═════ Records for processing

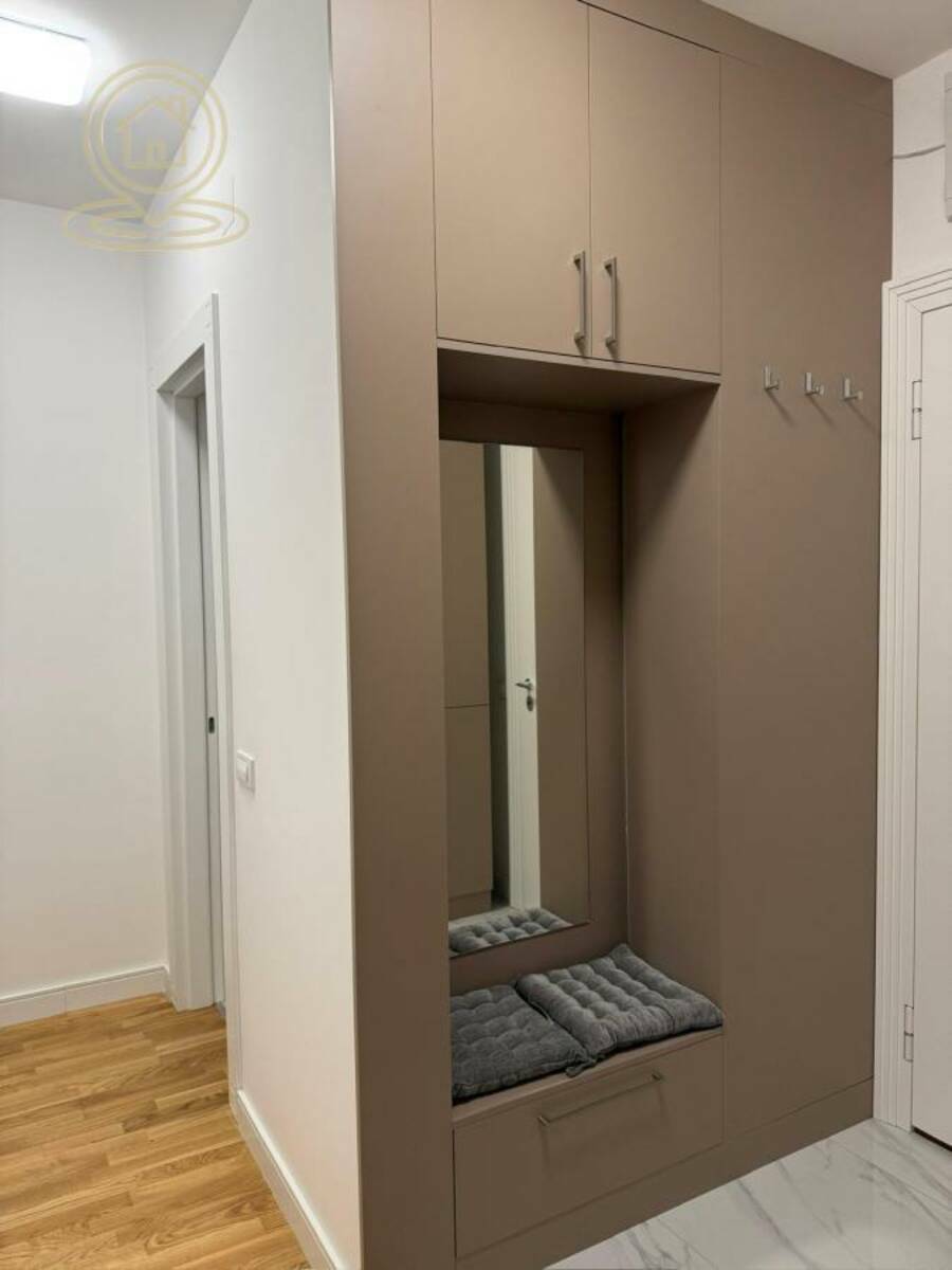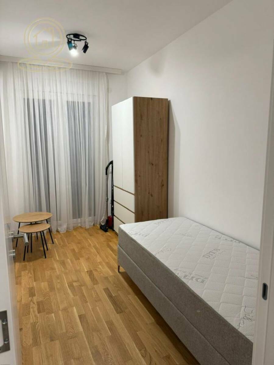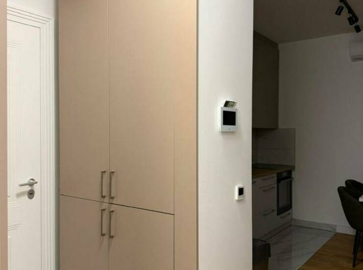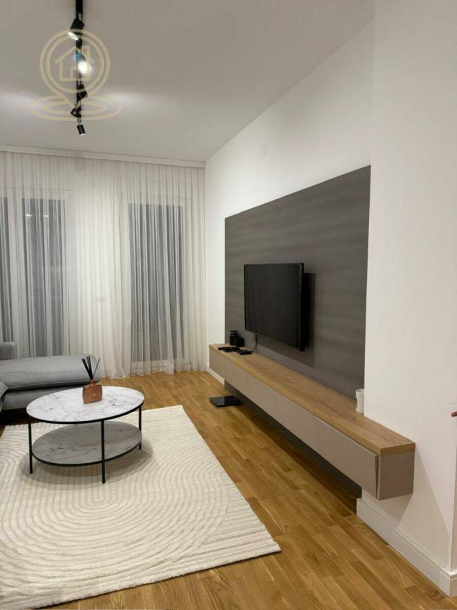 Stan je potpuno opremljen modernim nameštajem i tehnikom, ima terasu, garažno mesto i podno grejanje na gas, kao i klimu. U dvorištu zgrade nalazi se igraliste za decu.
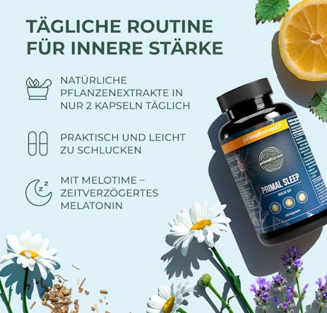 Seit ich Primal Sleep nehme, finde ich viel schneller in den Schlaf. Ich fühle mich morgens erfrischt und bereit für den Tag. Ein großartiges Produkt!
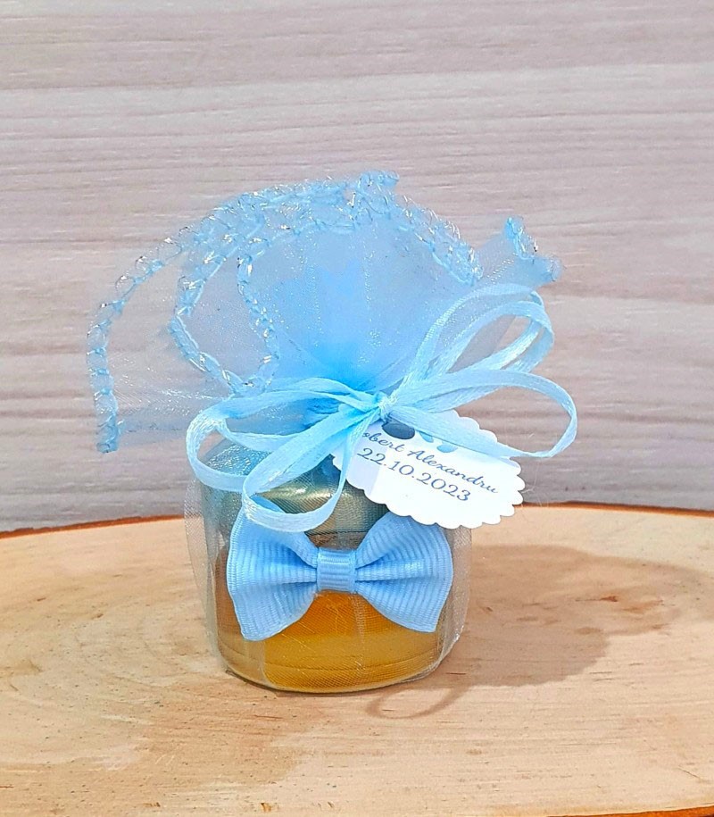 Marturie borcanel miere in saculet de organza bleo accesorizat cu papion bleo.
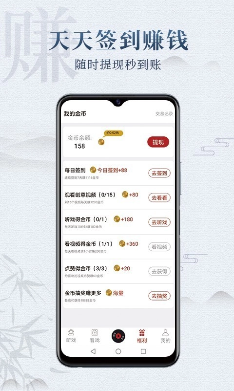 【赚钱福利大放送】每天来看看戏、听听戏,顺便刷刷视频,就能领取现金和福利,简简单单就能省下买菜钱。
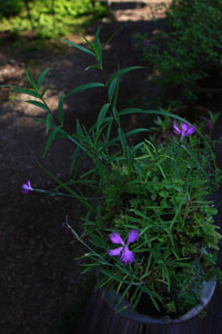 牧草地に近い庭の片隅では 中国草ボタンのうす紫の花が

══════════

## What to do
From the line containing "Marturie borcanel miere" to the end of the listing, restate each line word for word and nothing more; the pictures stay out.

## Reply to the exercise
 Marturie borcanel miere in saculet de organza bleo accesorizat cu papion bleo.
 【赚钱福利大放送】每天来看看戏、听听戏,顺便刷刷视频,就能领取现金和福利,简简单单就能省下买菜钱。
 牧草地に近い庭の片隅では 中国草ボタンのうす紫の花が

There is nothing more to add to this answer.